Give back exactly the lines starting at the one with "吊り橋を渡ると、カピバラ温泉" and ending at the last line of the data below. Pictures are not part of the copy.

## DATA EXCERPT
----

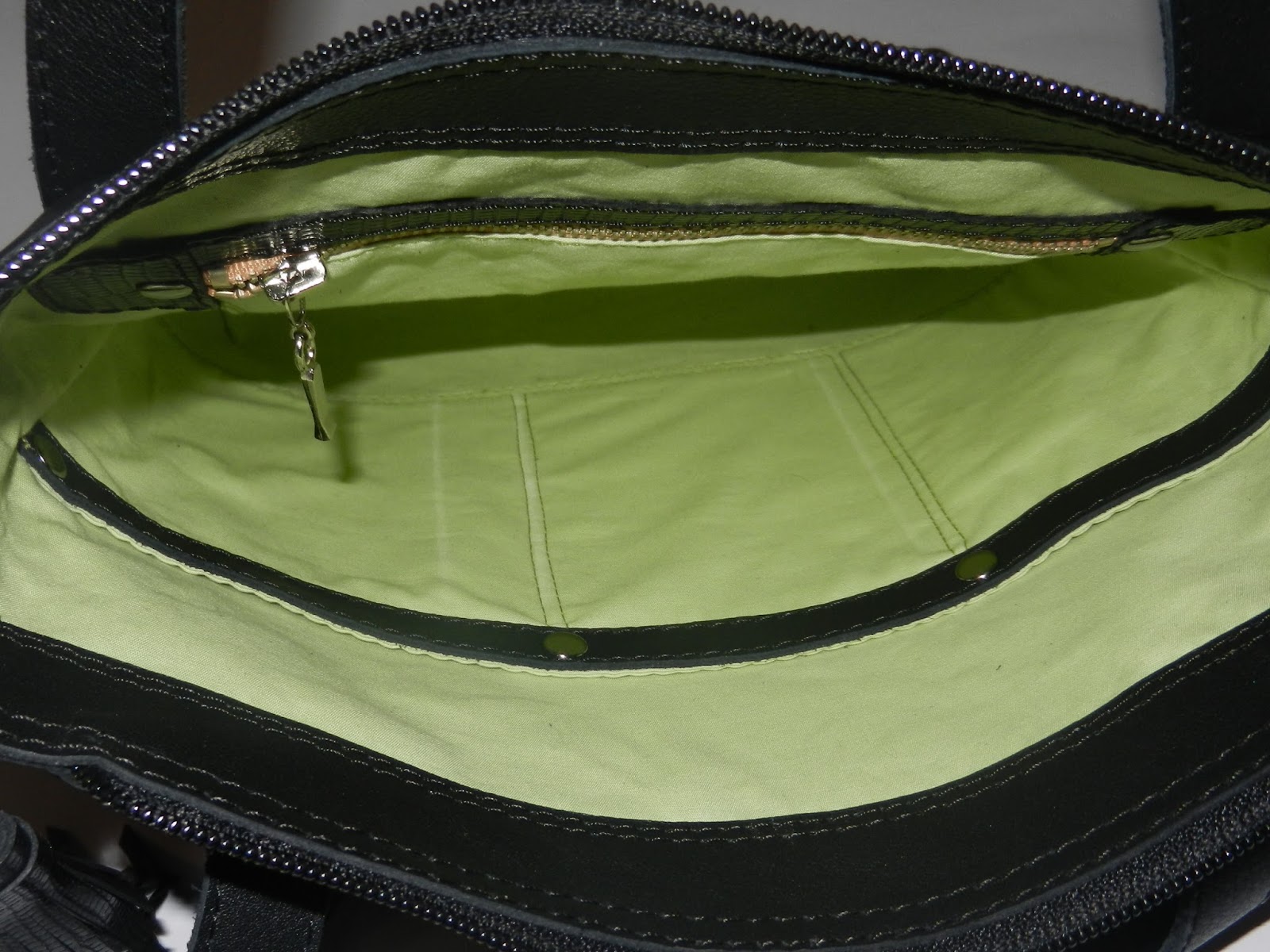 Сумочка комбинированная из итальянской черной кожи и с тиснением под крокодила. Внизу выточки, которые создают объем. Сзади карман на молни.
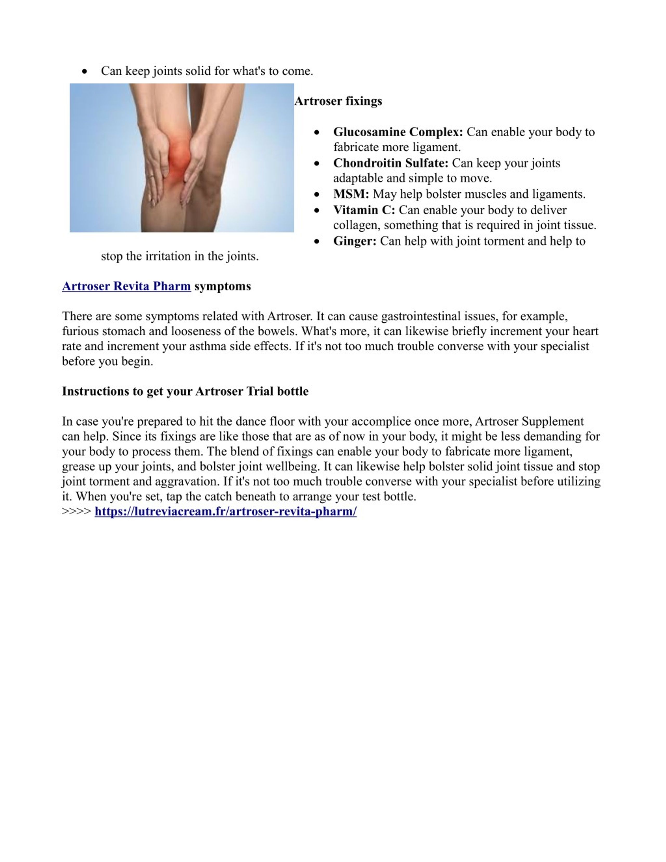 Can keep joints solid for what's to come. Artroser fixings Glucosamine Complex: Can enable your body to fabricate more ligament. Chondroitin Sulfate: Can keep your joints adaptable and simple to move. MSM: May help bolster muscles and ligaments. Vitamin C: Can enable your body to deliver collagen, something that is required in joint tissue. Ginger: Can help with joint torment and help to stop the irritation in the joints. Artroser Revita Pharm symptoms There are some symptoms related with Artroser. It can cause gastrointestinal issues, for example, furious stomach and looseness of the bowels. What's more, it can likewise briefly increment your heart rate and increment your asthma side effects. If it's not too much trouble converse with your specialist before you begin. Instructions to get your Artroser Trial bottle In case you're prepared to hit the dance floor with your accomplice once more, Artroser Supplement can help. Since its fixings are like those that are as of now in your body, it might be less demanding for your body to process them. The blend of fixings can enable your body to fabricate more ligament, grease up your joints, and bolster joint wellbeing. It can likewise help bolster solid joint tissue and stop joint torment and aggravation. If it's not too much trouble converse with your specialist before utilizing it. When you're set, tap the catch beneath to arrange your test bottle. >>>> https://lutreviacream.fr/artroser-revita-pharm/
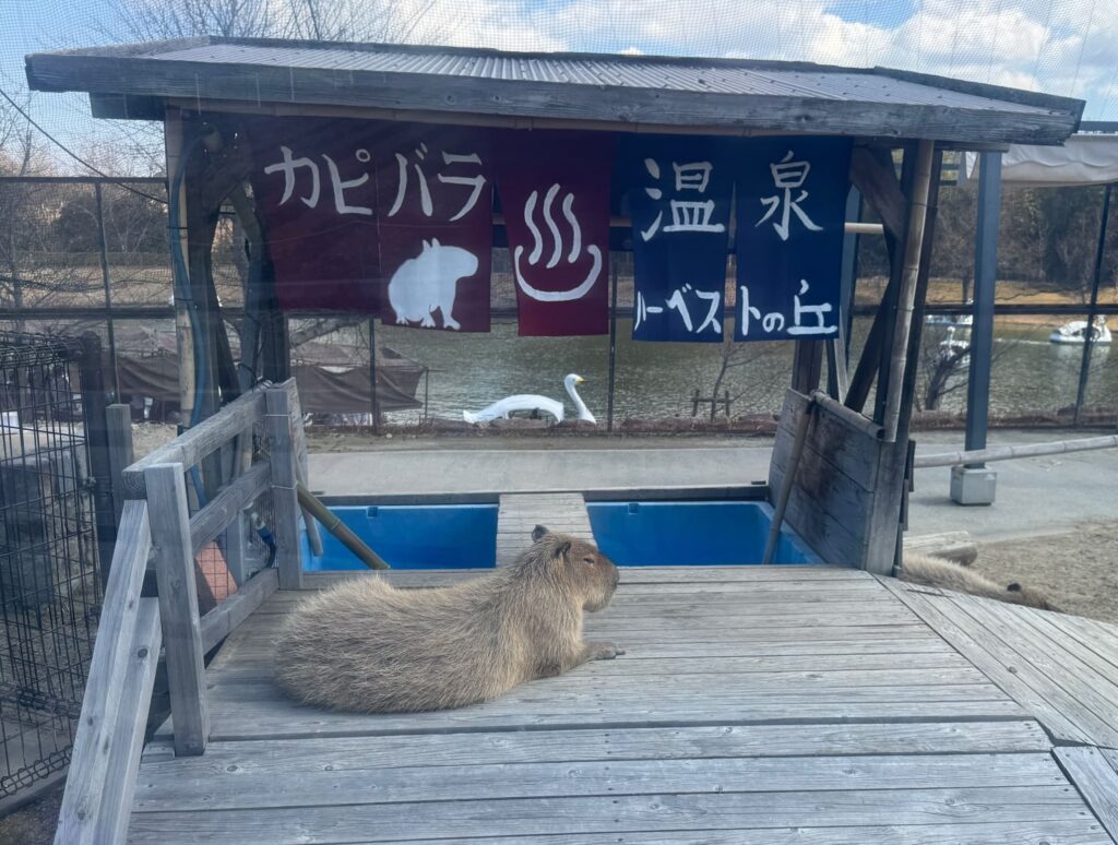 吊り橋を渡ると、カピバラ温泉や羊などがいるちょっとしたふれあいコーナーがあります。
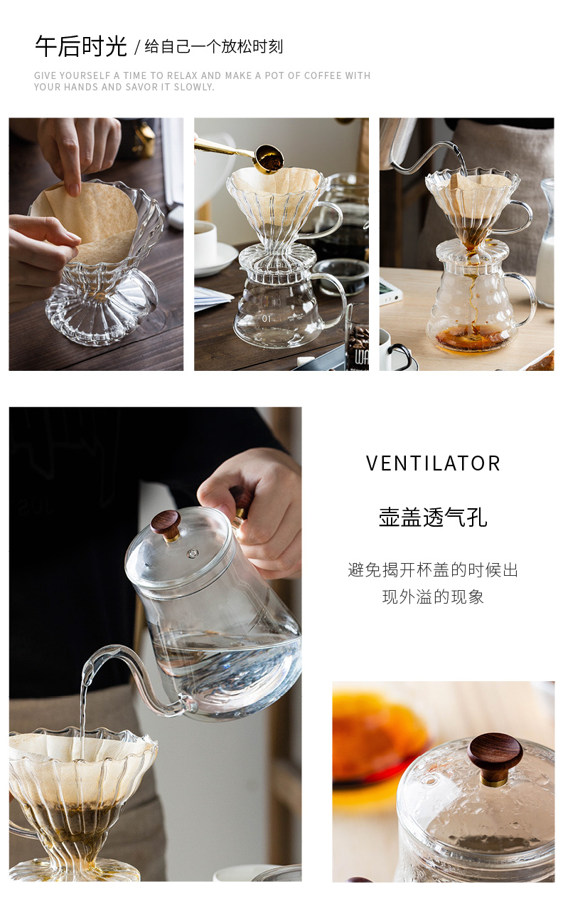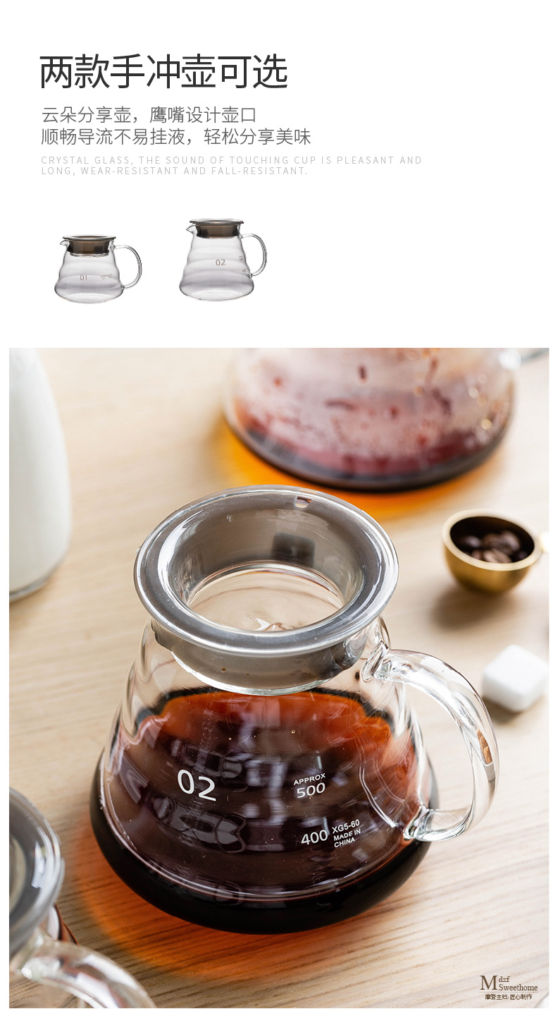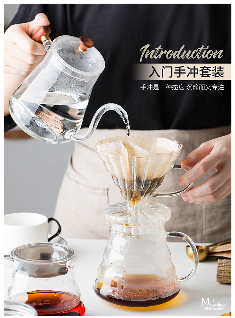 摩登主妇手冲咖啡壶过滤玻璃滤杯滤纸分享壶套装家用便携咖啡器具

----

## RESPONSE
 吊り橋を渡ると、カピバラ温泉や羊などがいるちょっとしたふれあいコーナーがあります。
 摩登主妇手冲咖啡壶过滤玻璃滤杯滤纸分享壶套装家用便携咖啡器具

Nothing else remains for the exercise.